§ **Instructions to follow**
Your reply should be an exact copy of every entry, with the pictures removed.
*** Material shown ***
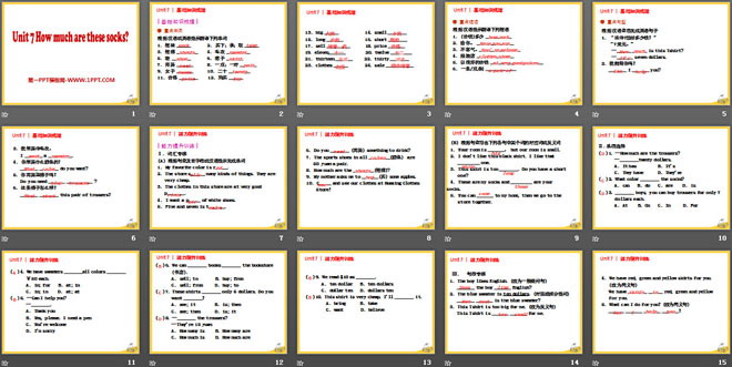 关键词:《How much are these socks?》教学课件,人教新目标版七年级上册英语PPT课件下载,七年级英语幻灯片课件下载,《How much are these socks?》PPT课件下载,.PPT格式;
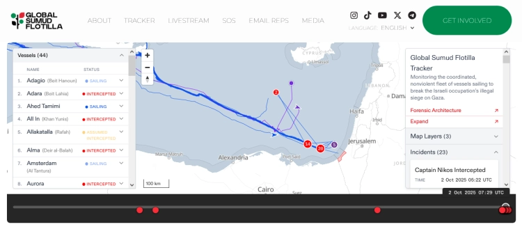 İsveçli iklim aktivisti Greta Thunberg’in de aralarında bulunduğu onlarca aktivist gözaltına alındı. Filonun Türkiye Delegasyonu’na göre, 28 Türk aktivist de alıkonulanlar arasında. Mikeno gemisinde yer alan Türk aktivist Muhammed Huzeyfe Küçükalptekin’in durumu belirsiz; geminin İsrail tarafından durdurulup durdurulmadığı henüz netleşmedi.
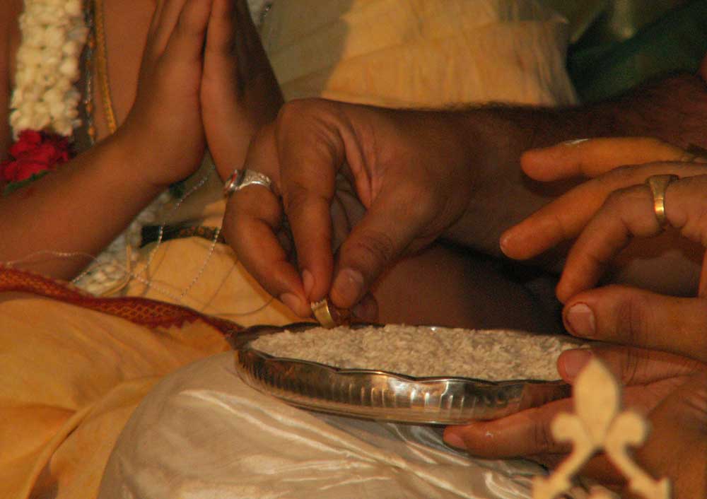 Nikhils Vater schreibt mit seinem Ring heilige Texte in Reis.
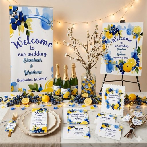 This "La Dolce Vita" save the date will turns your wedding into wonderful Italian tale. Feel the magic of the Mediterranean blue and Tuscan yellow.
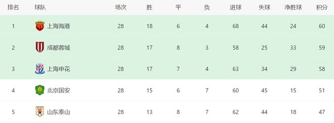 - 中超 | 中超争冠形势:还剩2轮海港蓉城申花仅差2分,国安彻底掉队
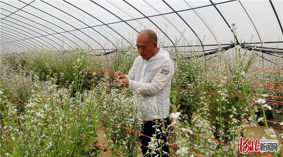 近日,位于邢台市任泽区的捷如美科研园区的育种大棚内,各种蔬菜花开正艳。一片花海中,育种专家张全杰正在小心翼翼地为一株萝卜花授粉。
*** End of Material shown ***
§ **Solution to the problem**
 关键词:《How much are these socks?》教学课件,人教新目标版七年级上册英语PPT课件下载,七年级英语幻灯片课件下载,《How much are these socks?》PPT课件下载,.PPT格式;
 İsveçli iklim aktivisti Greta Thunberg’in de aralarında bulunduğu onlarca aktivist gözaltına alındı. Filonun Türkiye Delegasyonu’na göre, 28 Türk aktivist de alıkonulanlar arasında. Mikeno gemisinde yer alan Türk aktivist Muhammed Huzeyfe Küçükalptekin’in durumu belirsiz; geminin İsrail tarafından durdurulup durdurulmadığı henüz netleşmedi.
 Nikhils Vater schreibt mit seinem Ring heilige Texte in Reis.
 This "La Dolce Vita" save the date will turns your wedding into wonderful Italian tale. Feel the magic of the Mediterranean blue and Tuscan yellow.
 - 中超 | 中超争冠形势:还剩2轮海港蓉城申花仅差2分,国安彻底掉队
 近日,位于邢台市任泽区的捷如美科研园区的育种大棚内,各种蔬菜花开正艳。一片花海中,育种专家张全杰正在小心翼翼地为一株萝卜花授粉。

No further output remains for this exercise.